LLC’s, Creditors and Authority to File Bankruptcy

Limited liability companies (LLC’s) are the entity of choice these days for small, medium and even huge (think General Motors) businesses.  Laws governing the operation of LLC’s vary from state to state, but tend to offer owners greater flexibility and control than for other entities. LLC’s can be managed by the members, or by managers. Owners are “members” and membership rights consist of both management rights and economic rights. Much like large investors in a company may gain a seat on a board of directors, investors and lenders to LLC’s may seek membership status or even the right to appoint a manager for the company. For years, lenders have insisted on membership status, changes in operating agreements or manager appointments to try and prevent owners of LLC’s from filing bankruptcy.  Does that work?

Each situation is different and depends on the applicable law and specific facts, but a Kentucky bankruptcy judge recently decided “No”, such steps could not prevent an LLC from filing bankruptcy.  The case is Lexington Hospitality Group, LLC (“LHG”), Case No. 17-51568 in the Bankruptcy Court for the Eastern District of Kentucky.[1]  LHG was organized in May, 2015 and it was managed by Janee Hotel Corporation (“Janee”) under the original operating agreement.  The operating agreement gave the manager full authority to operate the business in the ordinary course, but member approval was needed to change business operations, admit a new member or engage in conflict of interest transactions. The original operating agreement did not address authority to file bankruptcy.

In September, 2015, LHG acquired a hotel, borrowing $6,000,000 of the purchase price with a loan secured by a mortgage and security agreement against the assets of the hotel. LHG also amended its operating agreement to admit a new member – an entity created and owned by the lender that would have a 30% membership interest until the loan was repaid.  Two other 5% members were admitted, so Janee retained a 60% membership interest and remained the manager of LHG.  The amended operating agreement had one new provision which limited the authority to file bankruptcy to an “independent manager,” who had to get approval of 75% of the members. The independent manager position also ended when the loan was repaid. Another new provision required LHG to get written votes from the lender and all members before filing bankruptcy. LHG defaulted and in February, 2017, an addendum to the operating agreement provided that an additional 20% membership interest was transferred to the lender/member, resulting in a 50% ownership stake[2].  LHG defaulted again, the lender filed suit and asked for the appointment of a receiver, and LHG filed bankruptcy in August, 2017.  Neither the independent manager, nor 75% of the members authorized the filing, but it was authorized by Janee as the company manager.

Ruling on the lender’s motion to dismiss the case as an unauthorized filing, the Bankruptcy Court first determined that state law controlled how a company may authorize filing bankruptcy, but federal law controlled whether provisions restricting that authority were valid.  The Court ruled that the provisions restricting the ability to file bankruptcy were not valid because they were intended to take control of the decision away from LHG and place it in the hands of the lender, and for no other legitimate reason.  The Court found that giving up the right to file bankruptcy through a contract was not permissible under federal law.  That left the issue of whether the rest of the operating agreement or state law authorized LHG’s manager to file bankruptcy.

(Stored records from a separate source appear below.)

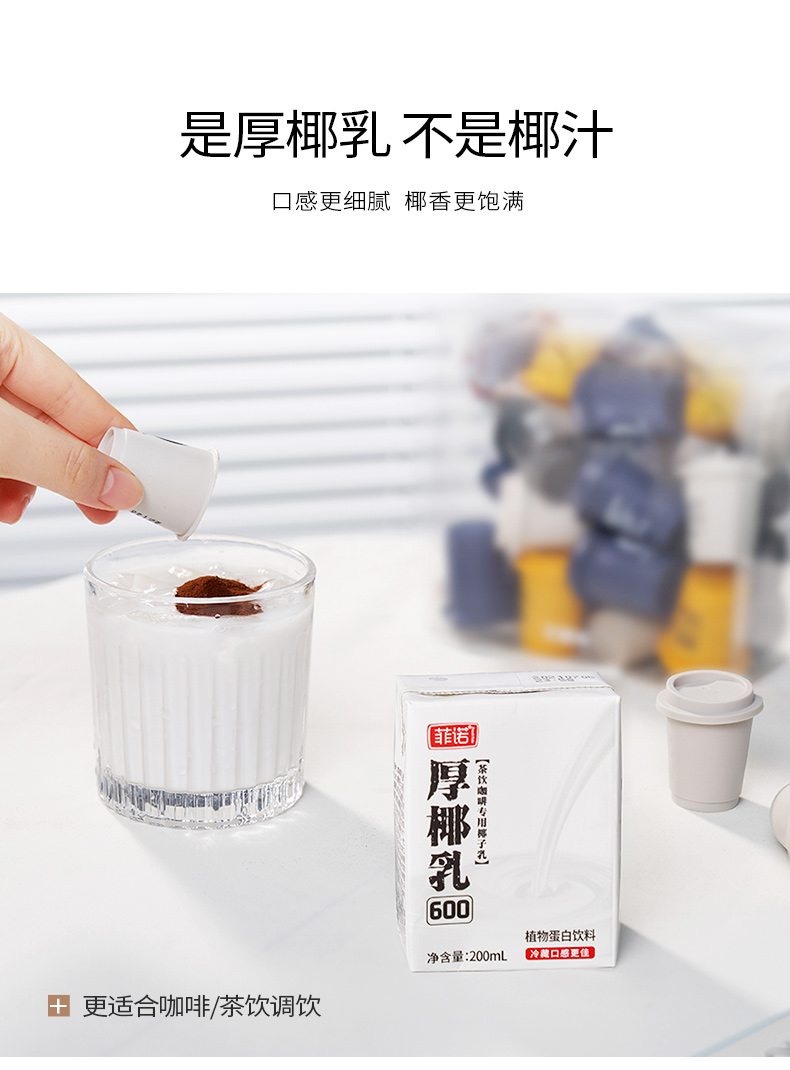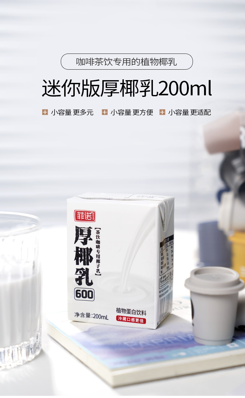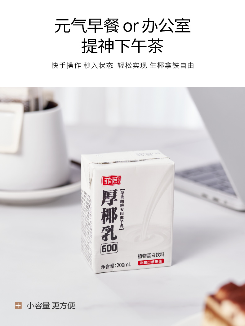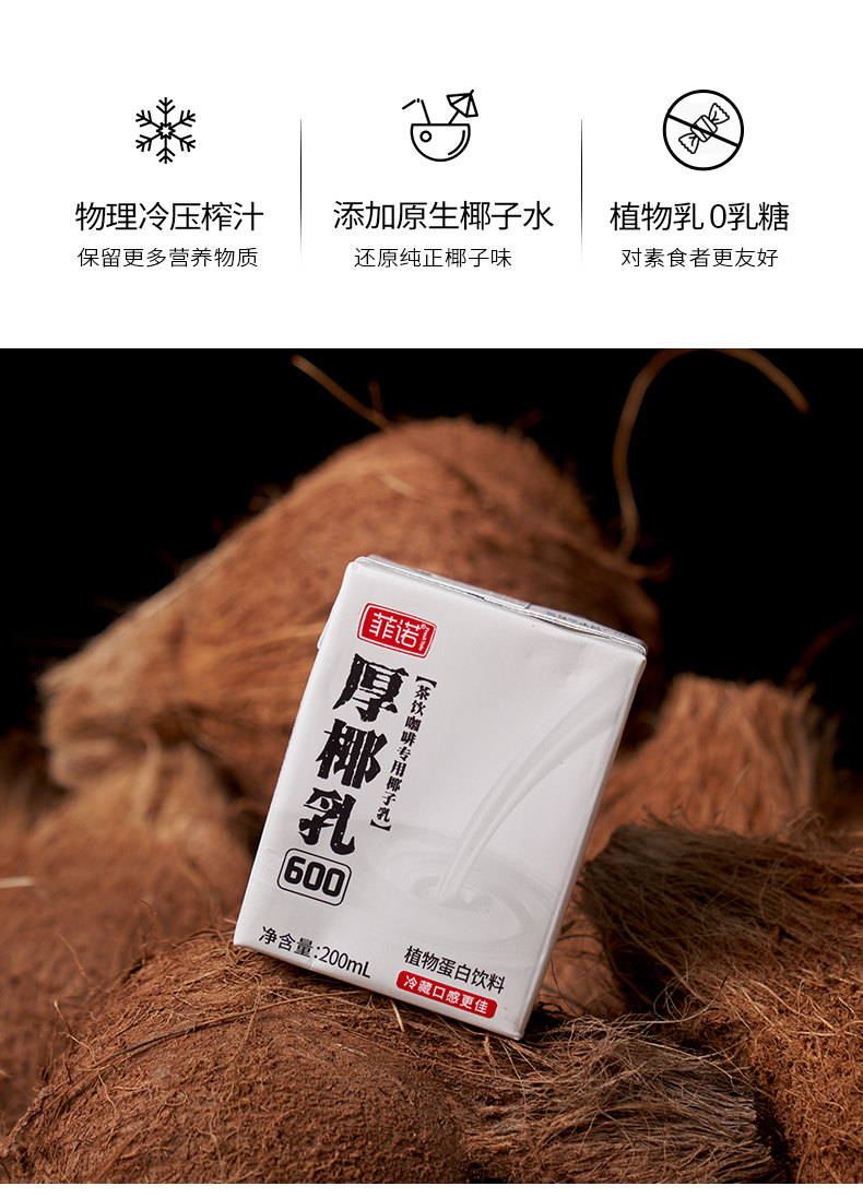 【菲诺厚椰乳】椰浆DIY生椰拿铁 咖啡店/家用生椰乳 mini装 整箱 200ml*12盒
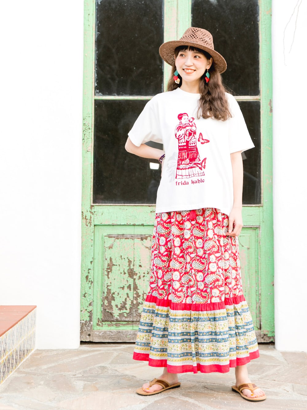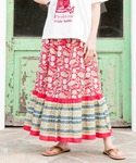 ふわりとなびくシルエットに心躍るよう♪* 赤いティアードスカートが目を惹く、真夏のエスニックスタイル✴︎ ブロックプリントで草花やペイズリー柄をつけた、ハンドメイドならではのデザインが楽しめます◇◆
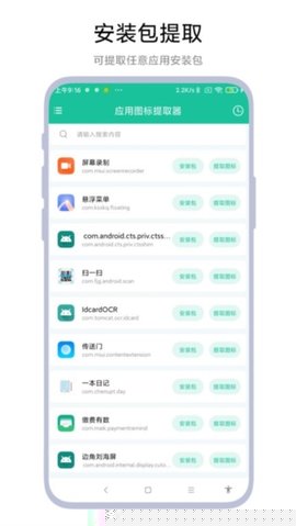自动检索并列出设备中所有已安装的第三方软件,用户可直观查看并选择需要提取图标的目标软件,解决了手动查找图标文件困难且低效的痛点。
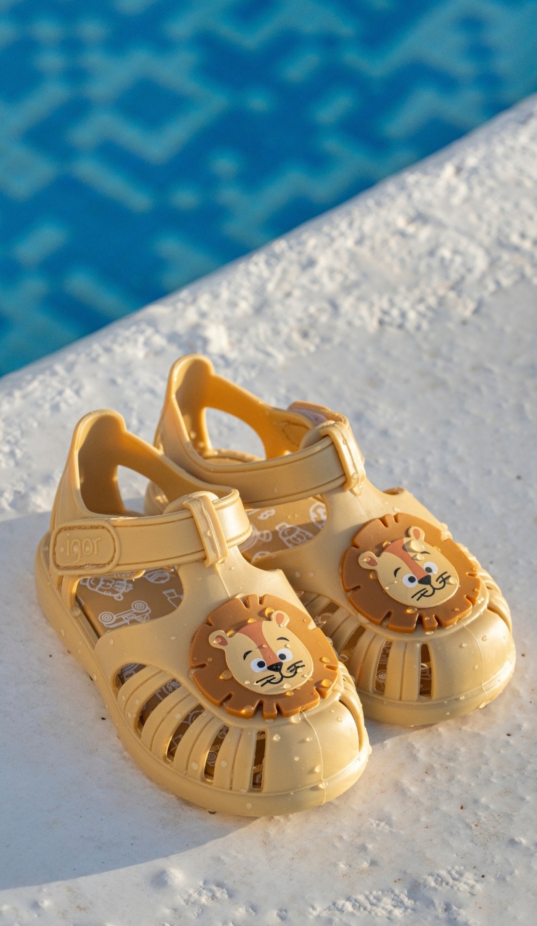 • Sandálias amarelas de criança com rosto de leão em relevo, junto a piscina.

The Court analyzed the remaining provisions of the operating agreement and Kentucky law to decide that Janee, as manager, did have authority to file the bankruptcy.  First, the operating agreement gave the manager authority to manage the business and affairs of LHG unless there was a restriction elsewhere in the operating agreement.  While there were restrictions on decisions such as admitting new members, once the lender’s provisions were invalidated, there were no restrictions on filing bankruptcy.  In addition, the Court found that Kentucky law gave managers exclusive power to manage the business and affairs of a company unless the operating agreement or other laws restricted that authority. Kentucky law does not require unanimous member consent to authorize a bankruptcy filing. Ultimately, the Court decided that bankruptcy might be outside the “ordinary course” of business, but it was a decision that was part of the business affairs of LHG.  The Court denied the lender’s motion to dismiss and found that LHG’s bankruptcy filing was properly authorized.

This ruling is important because it offers guidance to attorneys who represent lenders, businesses in financial trouble, and those who form and help govern limited liability companies.  What if a lender did not become a member, but just insisted on a provision that required a unanimous member vote to file bankruptcy? What if the operating agreement already had a unanimous member vote requirement to file bankruptcy before a loan was acquired and the lender took a 1% member interest?  Each case is unique, and should be reviewed by knowledgeable counsel.  But just because a lender insists on bankruptcy restrictions and a membership stake as a condition of a loan doesn’t mean the doors to the Bankruptcy Court are closed.

See below link for the full opinion:


[1] Full disclosure, DelCotto Law Group represents Lexington Hospitality Group.

[2] Additional restrictions were contained in the second addendum which are omitted for brevity.